Since April 25, pro-Russian activists in the Eastern Ukrainian city of Slavyansk have been holding eight military inspectors. This group of inspectors includes the 3 officer of the German army (Bundeswehr), the German translator, the 1 Czech, the 1 Pole, the 1 Dane and the 1 Swedish military inspector. The Swede was quickly released for reasons related to his health, writes wsws.org.
German media are constantly called detainees by OSCE monitors. And this is incorrect. The only connection between the OSCE and the detainees is that the presence of the latter in Ukraine is justified by the so-called Vienna Document agreed in 1992 by the 57 OSCE member states. Since then, this document has been updated several times.
However, this group did not receive approval from the OSCE for its activities in Ukraine, and this activity is not controlled by the OSCE. On the contrary, the military inspectors were instructed to intervene in Ukraine from the regime in Kiev, and they are under the direct control of their respective national defense ministries.
And this is confirmed by Klaus Neukirch, Deputy Director of the OSCE Center for Crisis Prevention. He stated that the group is participating in a bilateral mission led by the army and at the invitation of the Ukrainian government. Such inspections can be individually agreed between OSCE member countries.
In particular, the detained military observers have no relation to the OSCE observation mission, agreed by the OSCE member states, including Russia, on 21 in March.
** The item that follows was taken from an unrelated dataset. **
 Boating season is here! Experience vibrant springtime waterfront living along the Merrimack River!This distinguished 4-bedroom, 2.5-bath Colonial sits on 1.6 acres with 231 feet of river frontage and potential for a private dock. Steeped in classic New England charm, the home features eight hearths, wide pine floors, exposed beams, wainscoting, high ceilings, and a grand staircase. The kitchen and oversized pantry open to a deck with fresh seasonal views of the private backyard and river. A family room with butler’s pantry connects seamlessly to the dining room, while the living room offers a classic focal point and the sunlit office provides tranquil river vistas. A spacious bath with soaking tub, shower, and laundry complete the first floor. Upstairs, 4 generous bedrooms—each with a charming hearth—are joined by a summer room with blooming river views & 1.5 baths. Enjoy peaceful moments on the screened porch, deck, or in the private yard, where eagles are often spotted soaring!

The mission consists of 500 civilian observers seconded to monitor the situation in Ukraine over the next 6 months, and they report directly to the OSCE. However, at the moment - May 1 - only about 100 members of this group work in Ukraine.
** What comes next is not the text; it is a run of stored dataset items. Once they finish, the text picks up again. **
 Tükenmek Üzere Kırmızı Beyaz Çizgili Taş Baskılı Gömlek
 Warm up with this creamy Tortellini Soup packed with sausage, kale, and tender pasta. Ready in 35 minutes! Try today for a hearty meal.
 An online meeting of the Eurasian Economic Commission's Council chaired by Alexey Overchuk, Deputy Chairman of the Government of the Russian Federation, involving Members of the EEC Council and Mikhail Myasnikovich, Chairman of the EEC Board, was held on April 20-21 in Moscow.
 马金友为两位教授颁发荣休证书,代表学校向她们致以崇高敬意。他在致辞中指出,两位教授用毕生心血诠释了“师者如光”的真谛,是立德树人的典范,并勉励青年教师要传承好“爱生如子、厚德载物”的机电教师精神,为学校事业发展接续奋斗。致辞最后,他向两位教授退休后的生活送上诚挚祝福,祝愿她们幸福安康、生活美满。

The confusion with the mission of Slavic detainees, deliberately organized by the German press, has two objectives. First, the fact of their detention is used to build up militarism towards Russia. Claiming that the pro-Russian forces are holding under arrest the mission of observers agreed by the international community, they say that Moscow is violating international treaties and conventions.
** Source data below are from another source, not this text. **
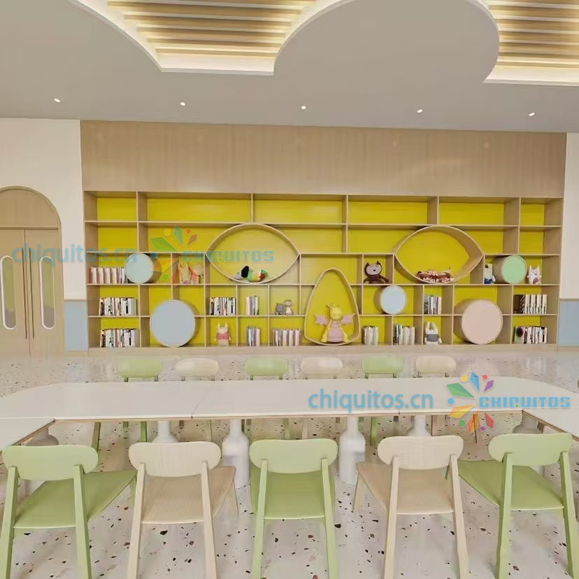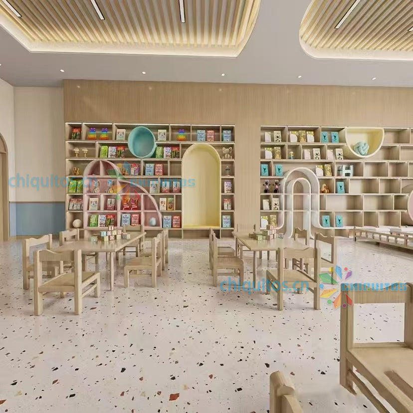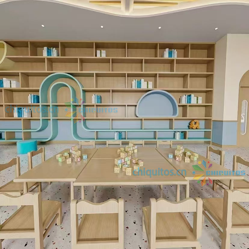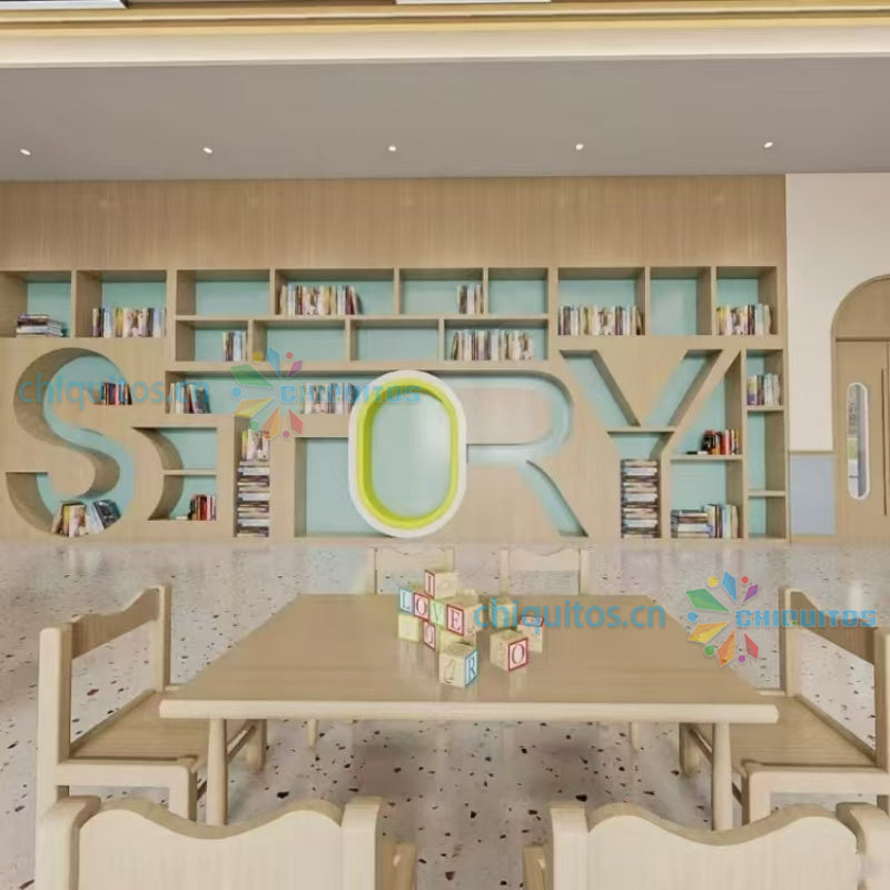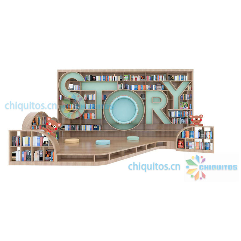 Chiquitos Wooden alphabet design reading nook area Kids Library Furniture Sets Bookshelf for home daycare preschool kindergarten
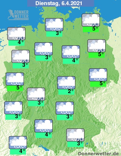 Heute zieht aufgelockerte oder dichte Bewölkung durch, dabei bilden sich häufig Regen-, Schneeregen-, Schnee-, oder Graupelschauer, örtlich sind auch Gewitter möglich. Es weht ein oft starker Wind, an der See herrscht zum Teil Sturm. Die Temperatur steigt auf 2 Grad im Thüringer Becken und bis 5 Grad im Rheinland.
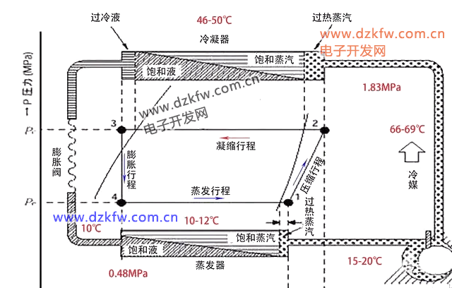制冷剂温度在临界温度和相应的临界压力之内都遵循这一规律。氟利昂R22的临界温度是96.15℃,相应的临界压力是4.99MPa。
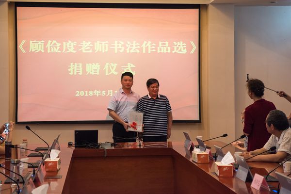 5月18日下午,beat365在行政楼辅楼一楼会议室举行《顾俭度老师书法作品选》捐赠仪式。学校校长谢永华、校友会常务副会长尤建国、副校长崔新明,校友会副秘书长丁双玲和谭建华,各地校友会会长、秘书长代表参加了捐赠仪式。
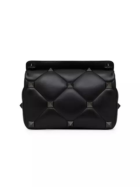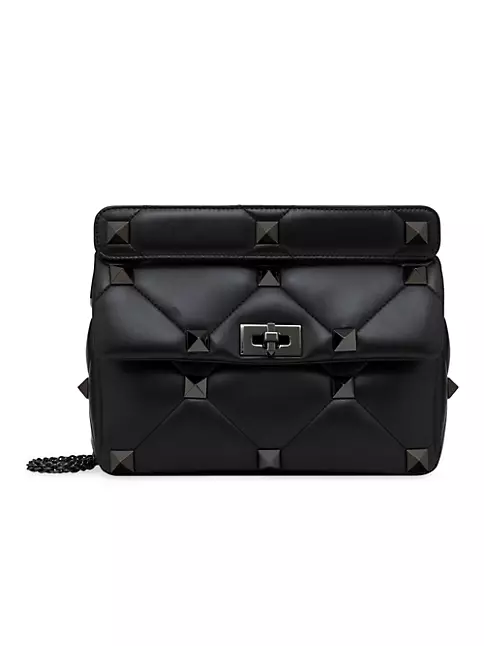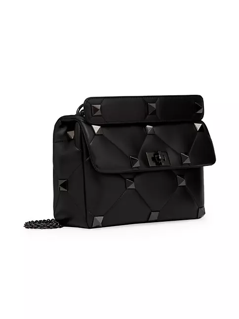 Large lambskin nappa Valentino Garavani Roman Stud The Shoulder Bag with chain and tone-on-tone studs. Quilted design, embellished with maxi studs. Equipped with a detachable handle and detachable sliding chain strap, this accessory can be worn as a crossbody/shoulder bag or carried by hand.
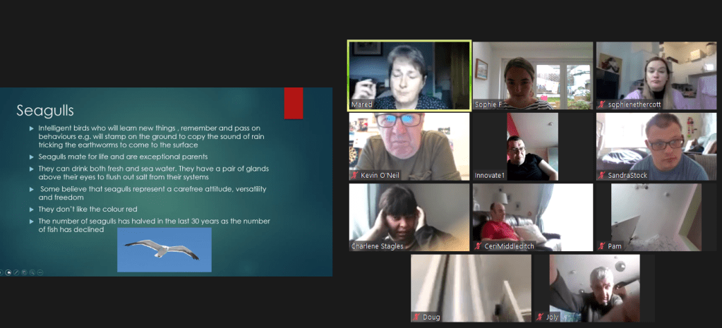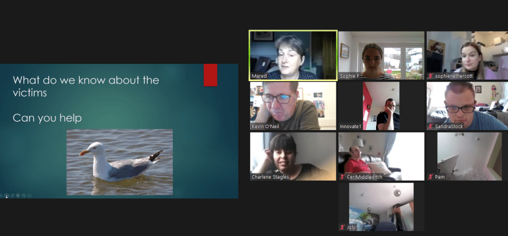 Our zoom sessions continue with a variety of topics from super senses to a further Murder Mystery . On this occasion we wanted to see what our participants knew about seagulls and how they have had to adapt to survive now that their natural habitats have been over fished and polluted. Nobody actually worked out that the perpetrators on this occasion were humans. What we did learn was that nobody were very fond of seagulls at the beginning of the session but by the end most had changed their minds and said that they would like to be able to learn more about them and did now appreciate their beauty when flying high in their natural surroundings. Even our participant who still couldn’t bring herself to like them wanted the perpetrators punished harshly and even asked for some photographs.
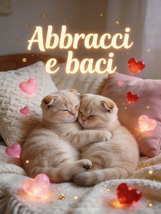 Condividi dolci abbracci e baci con il tuo partner con questa adorabile cartolina. Scopri anche baci innamorati immagini, baci amore mio gif o foto d'amore baci.
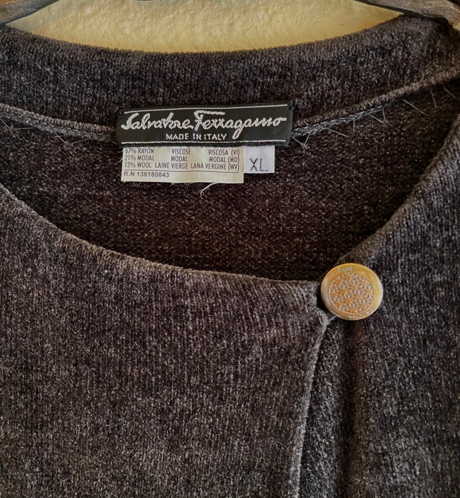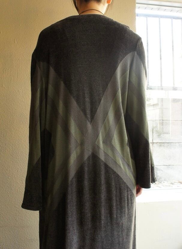 グレー×グリーンの繊細なサマーニット織りと、サマーベロア の異素材ニットデザインがアクセントに効いたFerragamoロングカーディガン。
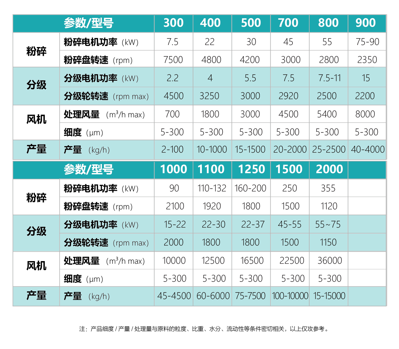 粉碎分级一体化,通过调整分级轮获得理想的产品粒度,适用于D50:2~45μm之间的产品粉碎。
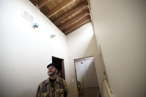 Light seeps in from above as homeowner Paul Hickman stands in the hallway during of the mid-century house he is renovating along with on the west side of Ann Arbor. Melanie Maxwell I AnnArbor.com

In addition, there is evidence that in this case the OSCE Vienna Document was deliberately misused by the rulers in Kiev and Berlin so as to provide them with at least some excuse for accusing anti-government activists of Slavyansk that their group acts like saboteurs.
The Vienna Document is considered a confidence building tool. It is designed to provide OSCE members, especially neighboring countries, with the ability to monitor the activities of their neighbors' armed forces, and thus reduce the risk of military confrontation. This document does not allow observing the warring forces during internal conflicts. He clearly does not allow this in the case when the country requesting such a mission takes an active part in the conflict, and this is exactly what is happening in Ukraine.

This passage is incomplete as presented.